Analysis of protein affecting variants
To predict the functional impact of the variants, we used the variant effect predictor (VEP) tool. The variants annotated as missense, stop gained, frameshift, in-frame deletion, stop loss, or splice site, with the predicted functional impact to be high or moderate were defined as non-synonymous mutations (or protein affecting mutations). REVEL and AloFT tools were used to prioritize the potential pathogenic variants (missense and loss-of-function) [43, 44]. The variants predicted with a REVEL score of > 0.5 were considered pathogenic. In the case of ALoFT, we considered variants predicted to cause protein truncation with high confidence.
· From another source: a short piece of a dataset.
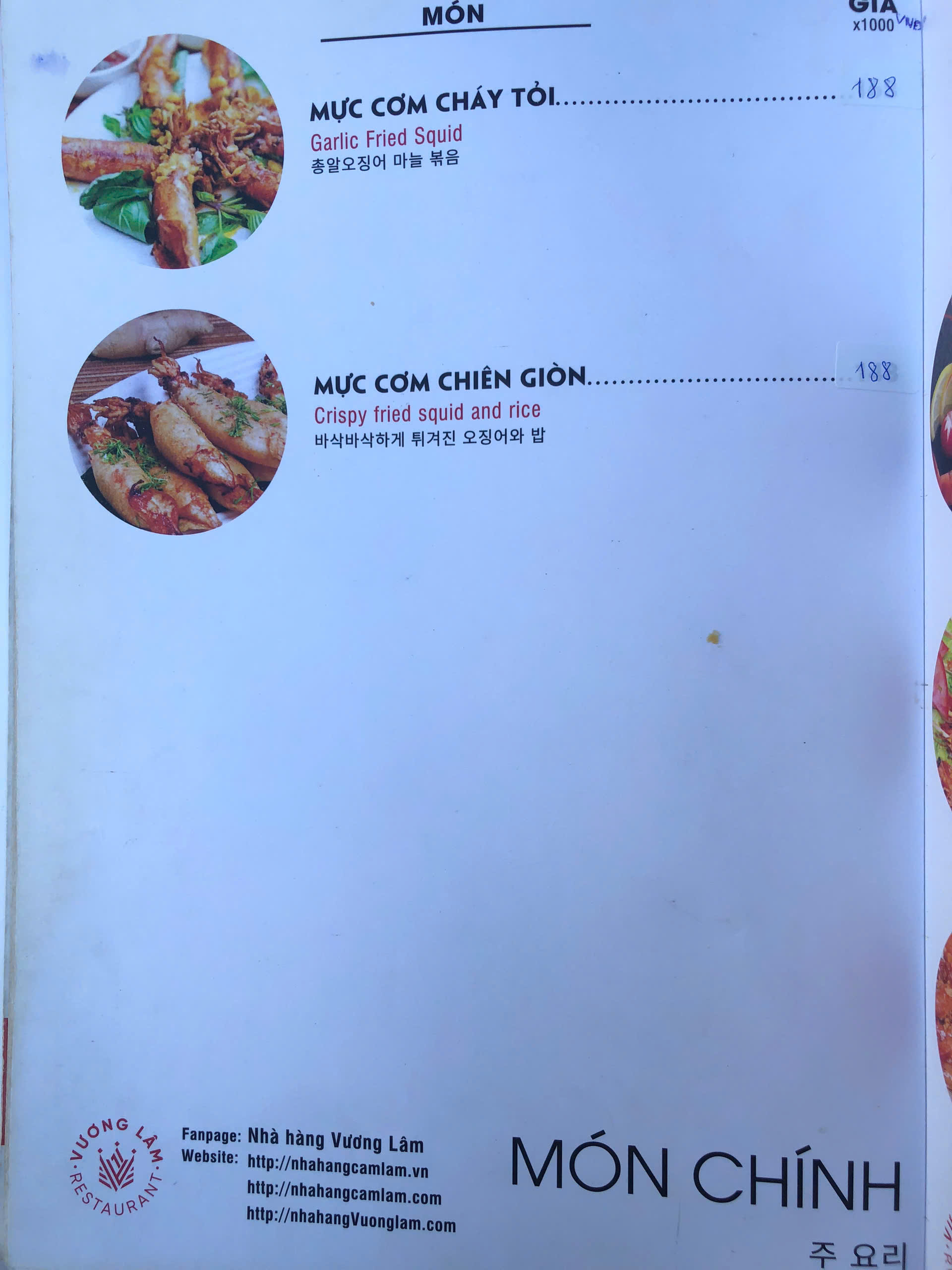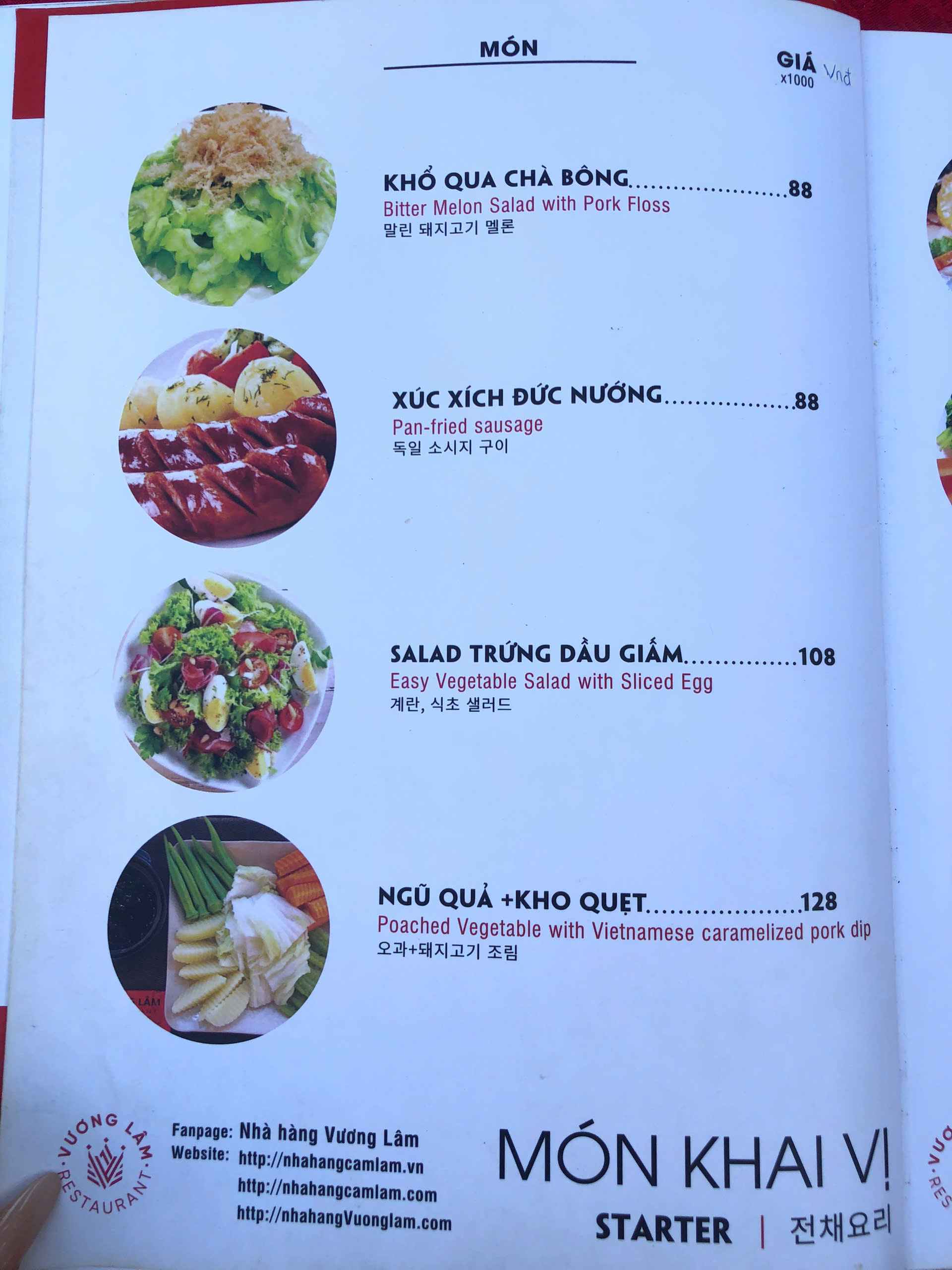 Thực đơn nhà hàng

Functional annotation analysis
Gene ontology and pathway analysis of protein affecting variants was carried out using open source pathway database Reactome (https://reactome.org/). To find out the cancer pre-disposition genes in our dataset, a comprehensive list of genes associated with cancer predisposition and DNA damage/repair was obtained from previous studies [45].
Statistical analysis
Mann-Whitney test performed to assess significant difference between groups. Genes with an FDR adjusted p-value below 0.05 were considered significant. Principal component analysis (PCA) was performed for distribution of variants in the sample.
Results
Mutational landscape due to chronic low dose radiation
Exome sequencing was carried out in order to determine the mutational changes due to long-term exposure to high levels of environmental radiation in HLNRA individuals. Matched controls from adjacent areas with normal levels of natural radiation (NLNRA) were included. The schematic representation of experiment design is shown in Fig. 1.
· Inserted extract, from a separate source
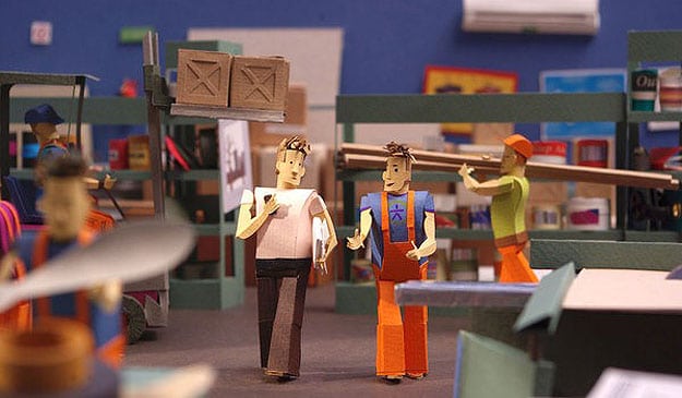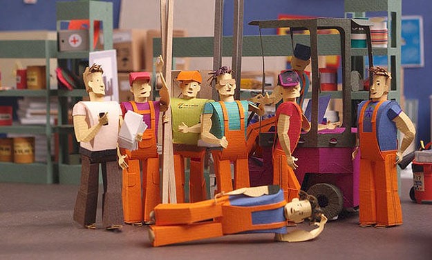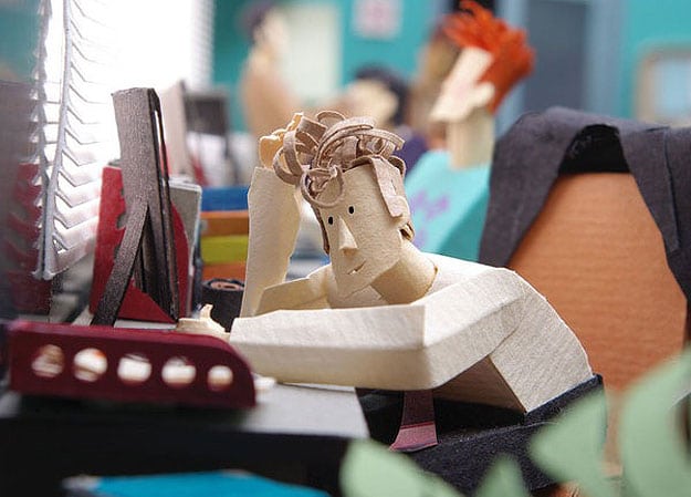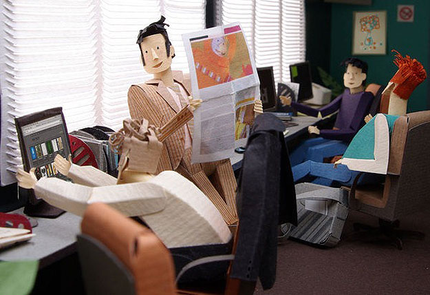 Well, it seems People Too, which is made up of Russian artists Alexel Lyapunov and Lena Ehrlich, are at it again, and this time, they’ve outdone themselves once more. In this collection called “Factory and Office” they depict just that, a factory and an office. Every detail is accounted for, in paper, everything from the cell phones in their hands, the frazzled looks on their faces and the muscles in their arms. It is all right there, and once again, I’m astonished. Enjoy!

Fig. 1. Schematic representation of the experiment design. (A) Blood sample collection from NLNRA and HLNRAs (B) Genomic DNA isolation and exome library preparation (C) Data analysis to identify SNVs and indels. NLNRAs: Normal level natural radiation areas, HLNRAs: High level natural radiation areas
Analysis was carried out to identify all the SNVs and indels present in HLNRA and NLNRA groups. We found 176,447 (Median SNV count: 29500) and 175,569 (Median SNV count: 29294) in NLNRA and HLNRA groups respectively (supplementary Fig. 1). We further filtered out the common polymorphisms (MAF > 1%) as reported in gnomAD [41] and genomeAsia100K [42] databases in order to identify mutational signature due to chronic background radiation. After filtration, only 17,431 variants were remaining, which consisted of 15,695 SNVs and 1736 indels. Of these, 8,807 mutations (7951 SNVs, 856 indels) were observed in NLNRA (control) group, whereas 8624 mutations (7744 SNVs, 880 indels) were found in HLNRA (exposed) group. Overall, the average number of SNVs observed among NLNRA (mean 1325 SNVs, 29.2 SNV per megabase) and HLNRA individuals (mean = 1290 SNVs, 28.4 SNVs per megabase) were found to be similar (Fig. 2A-B).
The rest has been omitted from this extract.